Das präzise Durchflussmessgerät für jeden Bedarf

Unsere Auswahl an Durchflussmessgeräten

Massendurchfluss-Messer

Durchflussmessgerät für die Massdurchflussmessung

Massendurchfluss-Regler

Durchflussmessgerät für die Massendurchflussregelung

Flüssigkeits-Durchflussmesser

Durchflussmessgerät für die Messung von Flüssigkeiten

Über unsere Druckmessgeräte

Modernste Technik für den stationären und mobilen Einsatz

Durchflussmessung

Wer sich zum ersten Mal mit dem Bereich Durchflussmessung auseinandersetzt, stellt schnell fest, dass er es durchaus mit einem umfassenden und komplizierten Teilgebiet der Messtechnik zu tun hat. Viele physikalischen Größen und Gesetze gilt es hierbei zu beachten, viele Hürden zu umschiffen. Hier eine physikalisch korrekte Abhandlung über den gesamten Bereich der Durchflussmessung zu schreiben, würde den Rahmen dieses Katalogs sprengen.

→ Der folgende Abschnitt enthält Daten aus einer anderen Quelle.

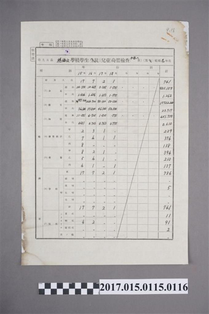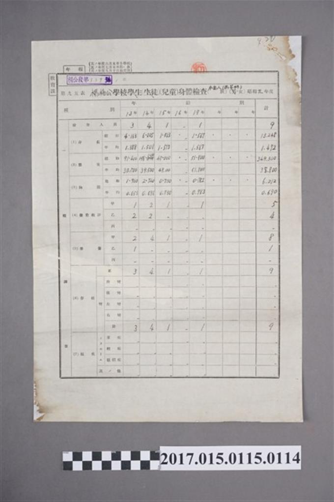 楊梅公學校學生兒童身體調查(本島人)(男)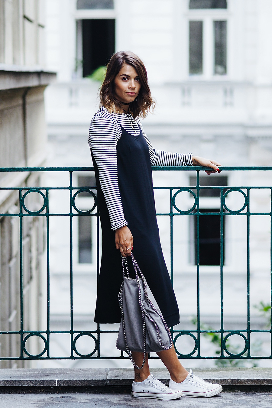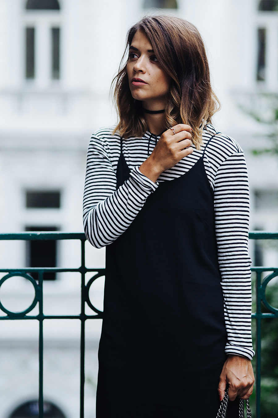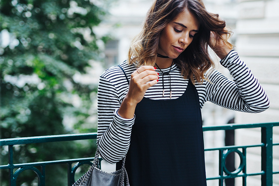 Als mein Freund mich mit neuen Haaren und in diesem Look gesehen hat, meinte er ich könnte als 16-jährige durchgehen. Er wollte mir damit nicht sagen, dass ich so jung aussehe, sondern dass die Wahl meiner Klamotten ihn einige Jahre zurückversetzen, vor allem meine Halskette. Ja die 90-iger sind zurück und ich finde es super. Auch die Kombination Kleid über Shirt trage ich momentan unheimlich gerne, und besonders Streifenshirts sind da bei mir wieder hoch im Trend. Nicht nur der Look ist neu, sondern auch meine Haare, haben wieder den nötigen Schnitt bekommen. Endlich war ich wieder bei der lieben Carola und habe ein bisschen Mähne dort gelassen. Meine Haare haben in den letzten Wochen und Monaten wieder ein bisschen viel Sonne abbekommen und dementsprechend haben sie auch ausgesehen. Da mir der Schnitt vom letzten Mal so gut gefallen hat, habe ich mich wieder dafür entschieden. Nichts geht über einen coolen Clavi Cut. Außerdem wurde der Gelbstich mit einer Tönung entfernt und endlich sehen meine Haare wieder schön frisch aus. Ich bin super Happy mit dem Ergebnis und die Farbe ist endlich so wie ich sie immer wollte. Wenn ihr einen guten Friseur in Wien sucht, solltet ihr unbedingt zu Carola gehen, denn sie kennt ihr Handwerk und ich war noch nie so zufrieden mit einem Ergebnis, wie die letzten Male.

Vielmehr soll diese Seite dazu dienen, eine grobe Darstellung der Durchfluss-Messtechniken zu vermitteln, eventuelle Fragen zu klären und die von mensaura bevorzugte thermische Massendurchflussmessung näher zu erläutern.
Beim Thema Durchflussmessgerät stößt man unwillkürlich auf die Frage, ob man Massestrom oder Volumenstrom messen soll, sowie auf eine Anzahl an physikalischen Gesetzen, die es dabei zu beachten gibt. Aber weder Robert Boyle, Amedeo Avogadro noch Joseph Louis Gay-Lussac, bzw. deren Gesetze, erleichtern einem die Auswahl. Aber vielleicht können wir das mit einer kurzen Beschreibung der beiden Messmethoden- die bewusst auf Gleichungen und Formeln verzichtet - tun.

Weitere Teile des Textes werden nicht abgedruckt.